Ding Dong

The death of Thatcher has spawned an outpouring of emotions; hatred and celebration mixed together and the open wound of the Iron Ladies policies has still a festering effect on us today. Here’s a selection of opinions, music and images from the last week.





 


anti-Thatcher protest at Trafalgar Square on Saturday 13th April 2013
 

I’m sorry Thatcher didn’t die hungry, or cold or alone. I hope she was terrified.

I hope the faces of the people she murdered in my community flashed through her mind. I hope she thought of Marian Daly who was callously murdered under her regime, leaving my friend without a mother. I hope the faces of us as children, marching against her in solidarity with men and women on the blanket, men and women on hunger strike in the ’80’s crossed her mind – I wonder if she realised she had sculpted our lives with horror? That she was responsible for the reaction on our streets to her regime? And that she literally created a black hole in which the lives of men, women and children were swallowed up?
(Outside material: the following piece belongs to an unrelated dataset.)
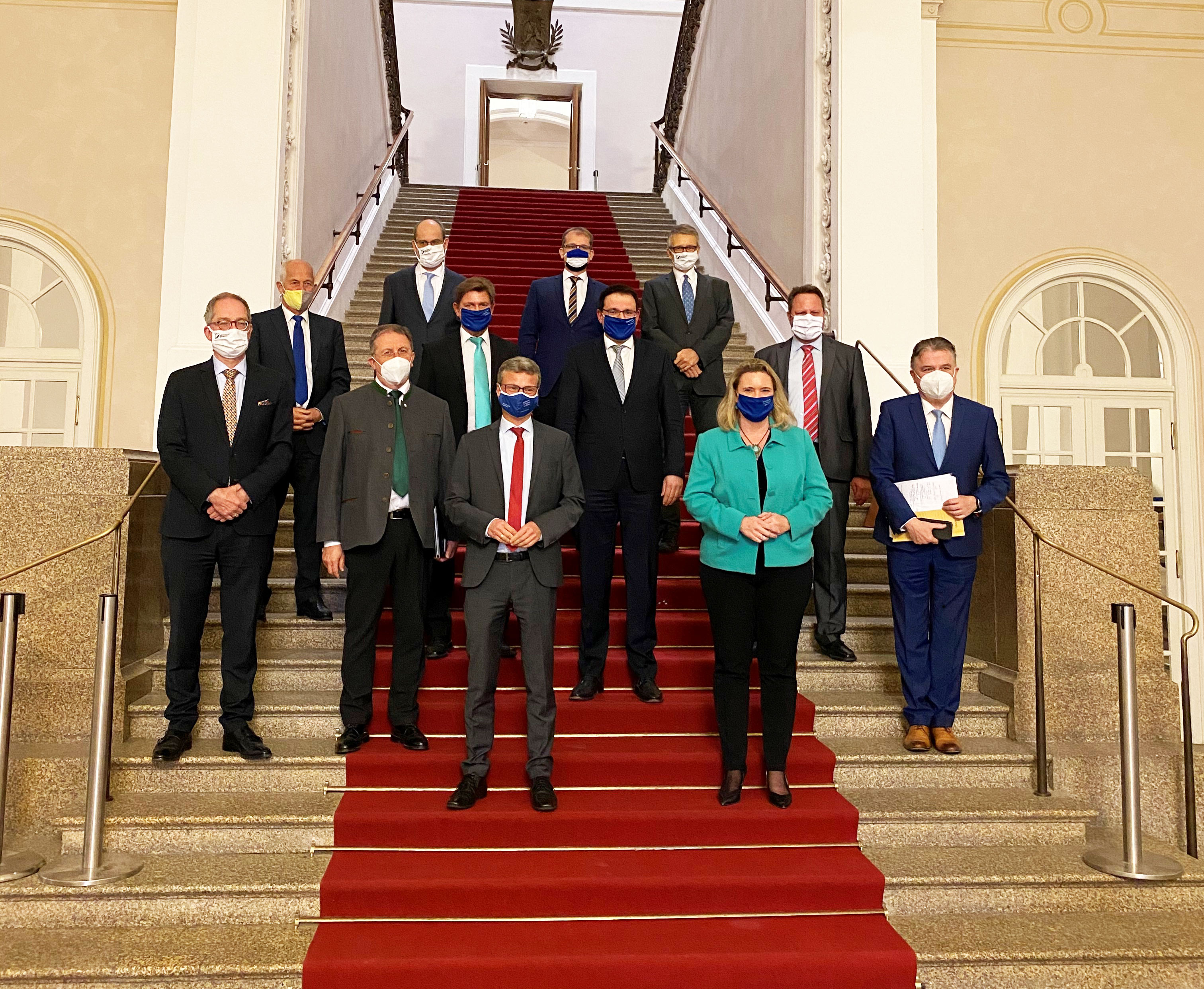 Auf dem Bild zu sehen: Wissenschaftsminister Bernd Sibler und Bauministerin Kerstin Schreyer (erste Reihe) mit den Teilnehmern des Runden Tisches im Bayerischen Landtag.

Living in a warzone is a real and horrific experience. As a child she was the only person I truly hated because of what she was doing to my community, and that in itself is testament to the horror of her brutal regime in my community – that a child could hate.
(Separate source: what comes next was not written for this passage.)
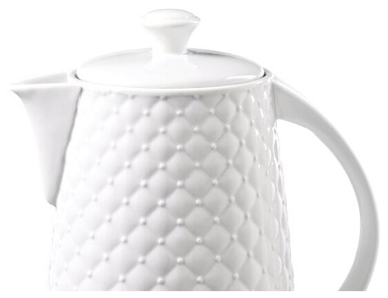 Выполняет свои прямые функции.Накипи минимум.Крышка с "крючком",при наливании не надо её придерживать.В отличии от пластиковых и металлических чайников от керамики нет выделения в воду,по крайней мере я на это надеюсь)
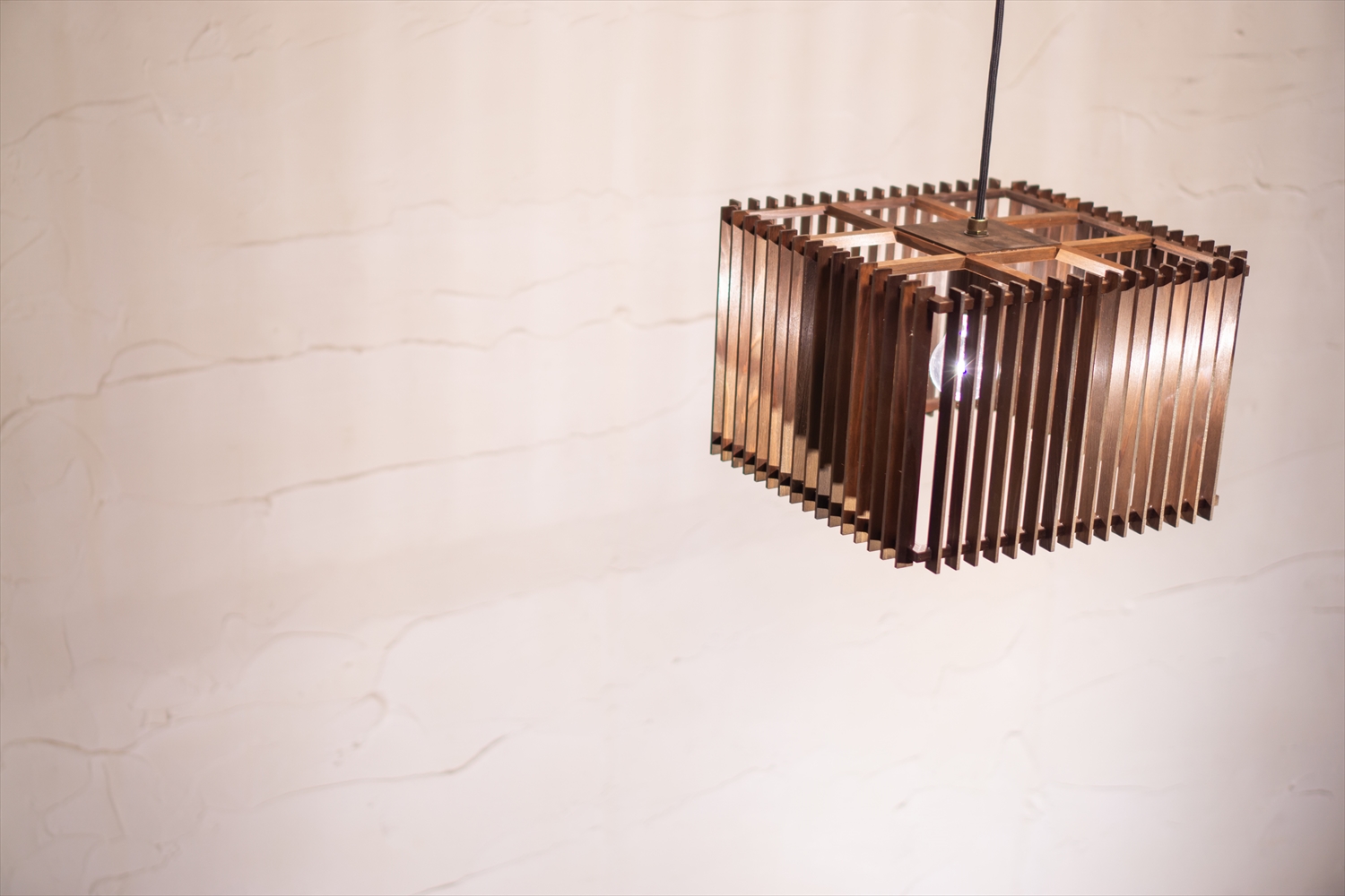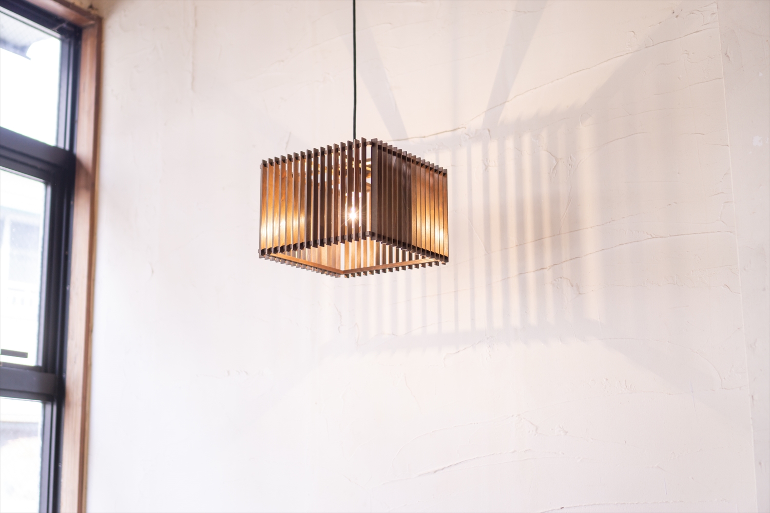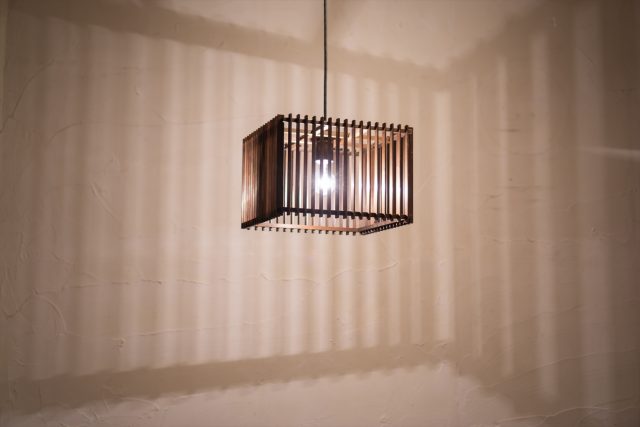 面白さのあるペンダント。光が灯ると木目が鮮やかに照らし出されます。

Many people we knew were murdered with the collusion of British Government and Loyalist death squads under her regime, which she stood by. The list is endless, I can’t even scratch the surface. But, nothing has ‘gone’ since she died. She died, and left her indelible mark behind. So, Thatcher dying doesn’t really mean anything, in light of the loss and trauma that still oozes from the streets of my home.

So, FUCK YOU THATCHER. If it wasn’t for GIRO’s / Warzone center, a lot more lives would have been swallowed up in to the chaos of war.

WAR, WAR, WAR, WAR, YES IT WAS A FUCKING WAR, CAPICHE?